In the first place, Unit testing is not about debugging the source code or fixing the defects/bugs. It will help developers to find 

  1. Syntax errors.
  2. Logic Errors

Why is Unit Testing needed?


Today and recent past software failures have affected banks, airlines, and many more sectors, causing millions of pounds damage which directly impacted a huge customer base. From my experience, delivering a bug-free product is a never-ending process. I have seen and heard developers usually skip unit testing to meet project deadlines and lack toolset knowledge to do unit testing effectively. Let us see a real-time use case.

  1. Scenario: Developers were debugging the issue in full-fledged/real-time clusters. 
  2. Scenario: Developers validating the results in UI/Backend for actual and expected output.

The above two approaches will delay the entire delivery process because developers who worked on that specific code have to stop feature development for debugging and fixing issues. As a result time/cost will be high when the product delivered to the field.

Bottomline


In software testing, Unit testing is the lowest level of testing which helps to reduce the complexity by testing function/classes in isolation.
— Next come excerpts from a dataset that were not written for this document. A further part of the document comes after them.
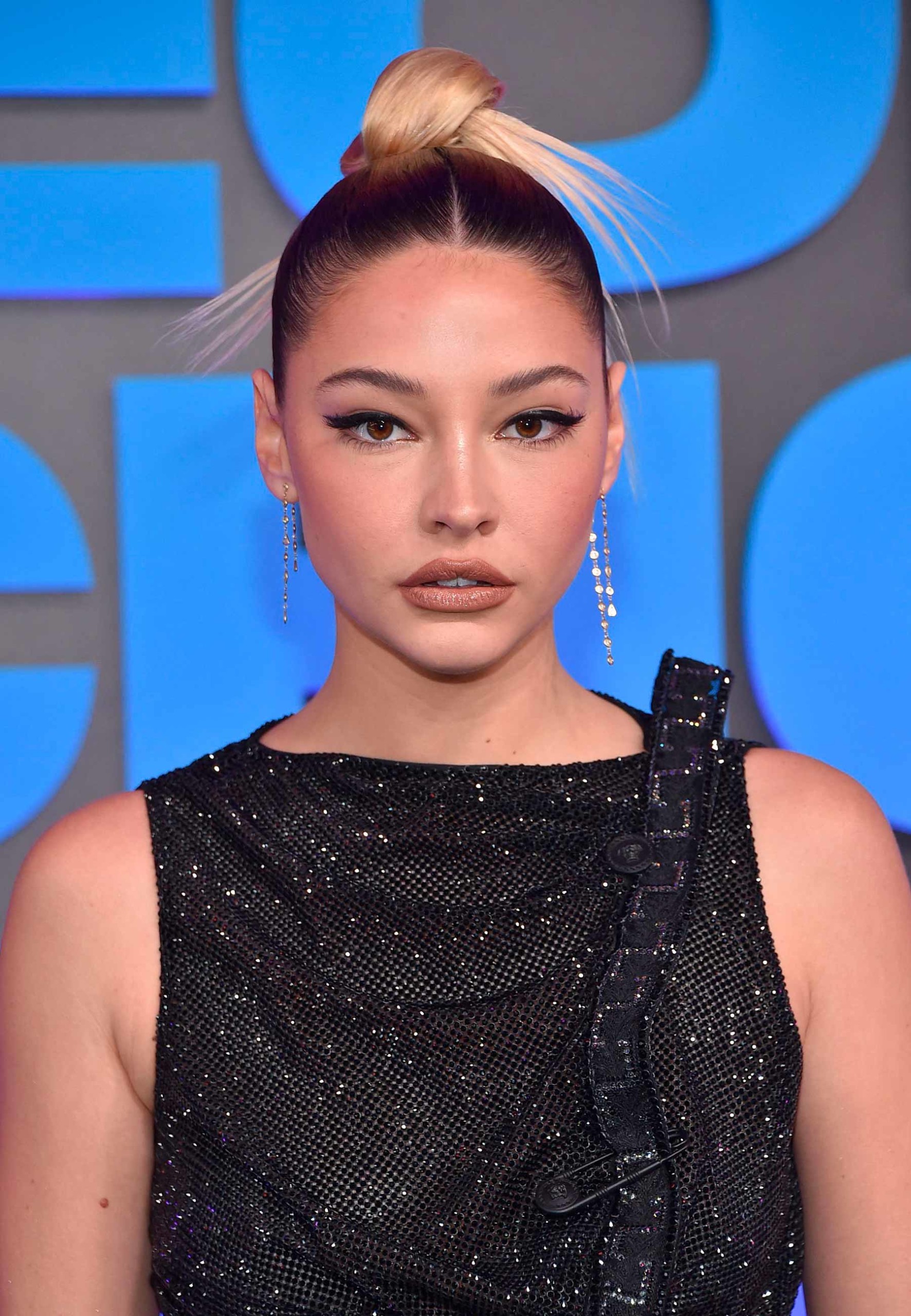 O clássico coque chega renovado com o recurso do nó, como usa Madelyn Cline. Uma ótima dica para o penteado de casamento.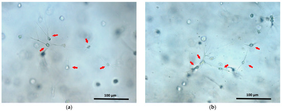 ASCs cultivated for 24 h in fish (a) and bovine (b) collagen scaffolds. The arrows indicate some of the ASCs. Cellular processes are well visualized in adhered ASCs.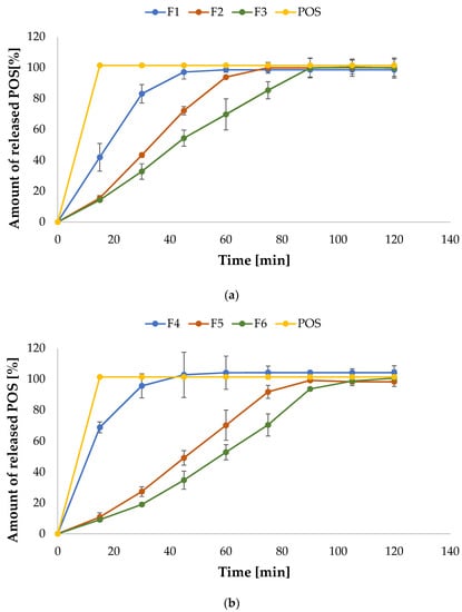 As pH values deviating from physiological values might irritate the buccal mucosa, an important part of the study was to evaluate the pH values of the prepared hydrogels. The results obtained were within the optimal range, indicating compatibility with physiological buccal pH [17]. The pH measurement of obtained hydrogels indicated that both the presence of PEC in the formulation and the presence of crosslinking agents decreased the initial pH values. In addition, formulations containing POS showed slightly higher pH values than the corresponding placebo formulations. The values of surface pH ranged between 6.87 ± 0.02 and 6.87 ± 0.01 for formulations F5 and F6, respectively, and 6.94 ± 0.02 for formulation P1. The noted pH values were approximated to the pH of buccal mucosa (6.28) and prepared films were recognized as being appropriate for buccal administration [26] without a negative impact on the oral mucosa (Table 3). An important parameter of film quality is the evaluation of drug content uniformity, which according to the pharmacopoeial requirements should be in the range from 85% to 115% [13]. It was noticed that the presence of POS in all of the prepared formulations was in the range from 94.72 ± 4.01% to 106.39 ± 6.05%. The obtained results fulfilled the pharmacopoeial requirements and expressed that the experimental parameters did not affect the drug content uniformity (Table 3). Additionally, the received data expressed no significant disparities in POS content within a particular formulation (p > 0.05). This fact demonstrated that the presented technique was characterized by reproducibility and allows uniform distribution of the active substance in the films.

So a unit testing is necessary to 

  1. Measures the quality of the software
  2. Provides Immediate Feedback about your  code
  3. Reduces the overall level of risk in delivered software
  4. Any bugs can be found easily and faster: For every function unit test cases should be introduced and validated with a series of positive and negative test cases before promoting code to the next level in the development process.
  5. Unit tests save time and money: Having all the defects and issues fixed in the local development will save a lot of cost and time in the short/long term of product delivery for an organization.
  6. Live documentation:  it is a treasure for new joiners/existing resources for understanding how an application works and helps for new enhancements and references at a later point of time.
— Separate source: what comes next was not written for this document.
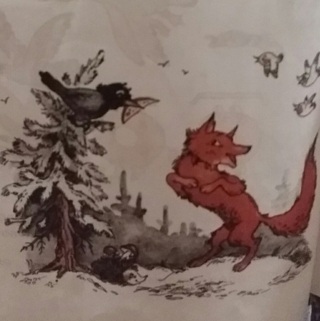 Лисица выпрашивает у вороны сыр ,а ворона не даёт .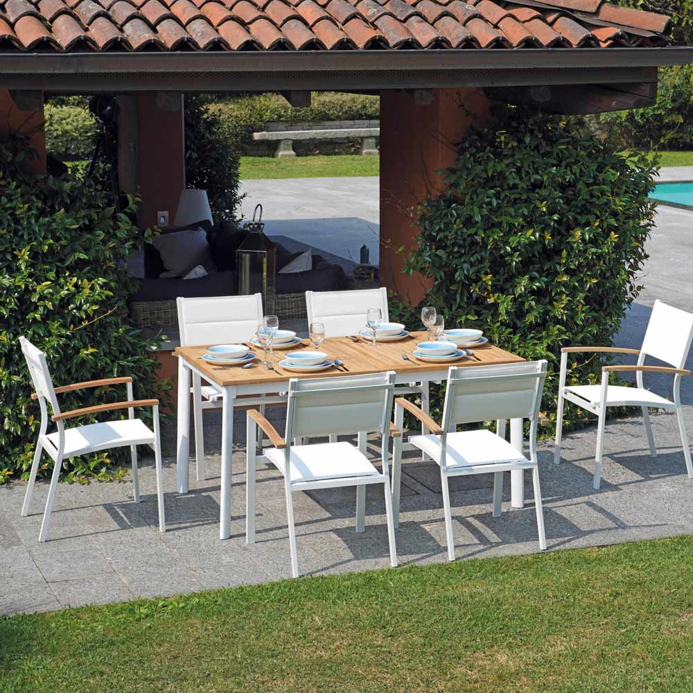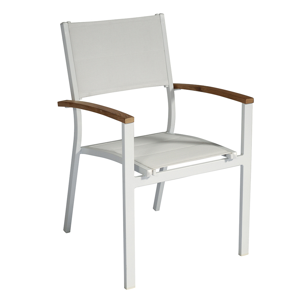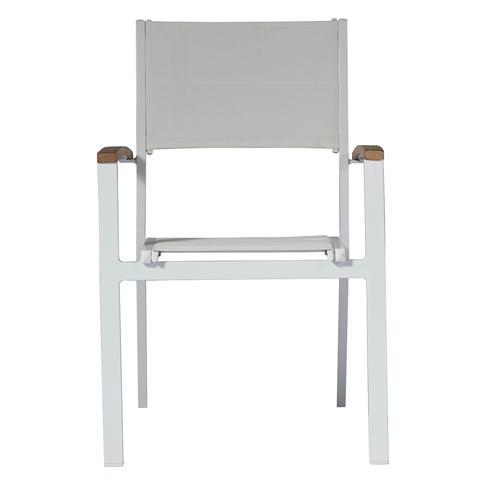 Karrige e jashtme e stivosur me strukturë prej alumini dhe ndenjëse prej tekstili të mbushur me fildishtë pasuruar me mbështetëse elegante prej dru tik. Kjo karrige e jashtme kombinon dizajnin dhe thjeshtësinë , rezultat i materialeve të thjeshta por rezistente që i japin jetë një produkti me një dizajn origjinal dhe avangard, perfekt për të kompletuar çdo ambient.

Why Test-Driven Development?


Test-Driven Development is a software development process in which unit tests cases are written or updated before development code and ‘passing’ the test is the critical operator of development. TDD workflow advises to write unit test cases incrementally and then write the associated piece of code and make it pass. Unit testing and TDD are often discussed together but hardly implemented in my experience.

TDD workflow cycle has following phases

Test Driven Development Workflow Cycle
Test Driven Development Workflow Cycle
  1. Red Phase – Firstly add unit test cases and make it fail. It is expected to fail because the feature is not yet developed.
  2. Green Phase –  Developers will write the minimal code and run all the unit test cases and see all the test cases are passed.
  3. Refactor Phase – Eliminate redundancy and repeat again.
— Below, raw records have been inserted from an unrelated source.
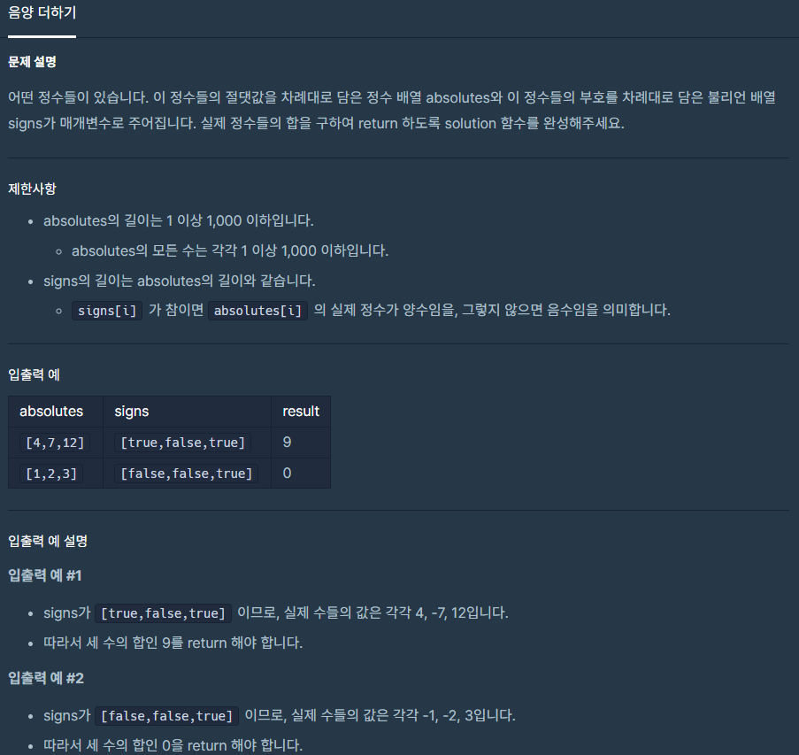 [프로그래머스 Lv1] 75061번 : 음양 더하기 - JAVA [자바]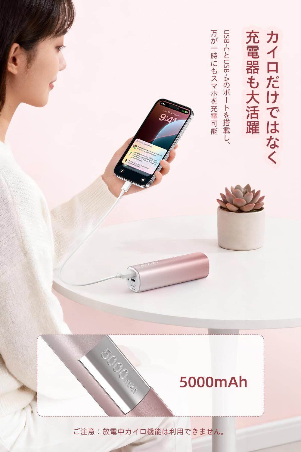 【カイロ&充電器の2in1】 5000mAhのバッテリーを搭載し、usbカイロとしてだけでなくモバイルバッテリーとしても使えます。屋外では防寒、屋内ではスマホへの充電が可能で、とても便利な防寒グッズでございます。※カイロの充電中及び放電中は、加熱機能を使用できませんのでご注意ください。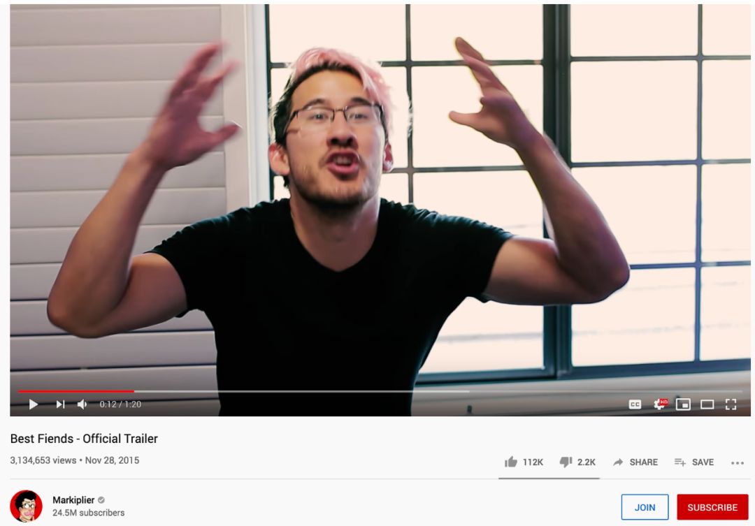 其中一个案例是一个国外知名的网红叫Markiplier,他给中国厂商做了不少营销,在youtube上仅次于全球最大的Youtuber PewDiePie,拥有2500万的粉丝,粉丝对他都很死忠。他的频道会做各种创意的内容,经常评测不同的游戏:独立游戏、手游、PC、 Console。这个游戏叫做“Best fiends”,是friends变体,这是一个三消游戏,网红做了一个“official trailer”,在现实生活中邀请他的朋友中演绎了一个trailer ,模仿游戏中两个虫子之间的对话,恶搞游戏。粉丝会觉得很好奇这个trailer 在讲什么,第二用有趣的方式呈现,粉丝更想去看,很自然地的拼在他的视频里,上线有300万的views。 如果通常只是玩游戏的广告,很多人不愿意去看,但做trailer是很有创意的营销。

Overall, it provides immediate feedback for every piece of logic you are adding to your development code. Having this process implemented may be hard initially but in the longer run, you will reap the benefits, and also it is not only limited to python testing, It is an overall software development approach that can be applied for any testing framework.

Note: check the best practices of TDD and the difference between TDD vs BDD.

Why PyTest Framework?


  1. PyTest is more advanced than unittest in terms of debugging and flexibility.
  2. We can achieve reusability using global/module fixtures.
  3. Test Parameterization–Many test cases can use the same test function
  4. Automatically detect tests based on the standard naming convention.
  5. Auto-discovery of test cases.
Note: Check the comparison detailed between unittest vs pytest.

PyTest installation


Install PyTest

Run the following command in your command line:

pip install -U pytest

Check that you installed the correct version:

$ pytest --version

A. Basic Hello world in PyTest


To use PyTest, we just need to write the following statement inside our test code to import PyTest 

import pytest

Let’s get started, the below is a basic hello world example, and running the sample will show PyTest has been set up in the project and it passes the test case.

Example

#FileName:test_helloworld.py
#Function 
def functionHelloWorld(value):        
   return value + "World"

#Test case
def test_helloworld():                
   retval = functionHelloWorld("Hello")
   assert retval == "HelloWorld"
Result:

test_helloworld.py::test_helloworld PASSED  [100%]

B. How to execute the Unit test cases in Pycharm IDE?


Test runner – pycharm IDE

C. How to test PyTest unit test case by command line


 By default PyTest runs all the test cases within the directory and subdirectory by using the auto-discovery on the filename, starting with “_test” or ending with “test_” (“helloworld_test” or “test_helloworld”). Not only file names, but even the test methods should also have the “test” text prefixed or post-fixed otherwise the test won’t be executed.

i. Run all the test cases found in the directory.

pytest -v -s

ii. Run all the test cases in the specific directory by having auto-discovery on all files written with the file name either prefixed/post-fixed as “test”

pytest -v -s  testdirectory

iii. Run unit test for specific file.

pytest -v -s -k test_helloworld.py

iv. Run unit test case for specific method

pytest -v -s -k test_helloworld

D. Pytest Assertions


An Assert statement verifies the actual vs expected values in the python unit test cases and it will return either Passed or Failed as part of the test case execution. Say if the assert statement fails because of some logic error you will get a complete function call (failure errors) along with the return value.

Assert example

def test_true():
   assert True

def test_false():
   assert False

def test_Integer():
   assert 4==4

def test_String():
   assert "hello" == "hello"
Result:

test_samples.py::test_true PASSED
test_samples.py::test_false FAILED
test_samples.py::test_Integer PASSED
test_samples.py::test_String PASSED

How do I assert exception in PyTest ?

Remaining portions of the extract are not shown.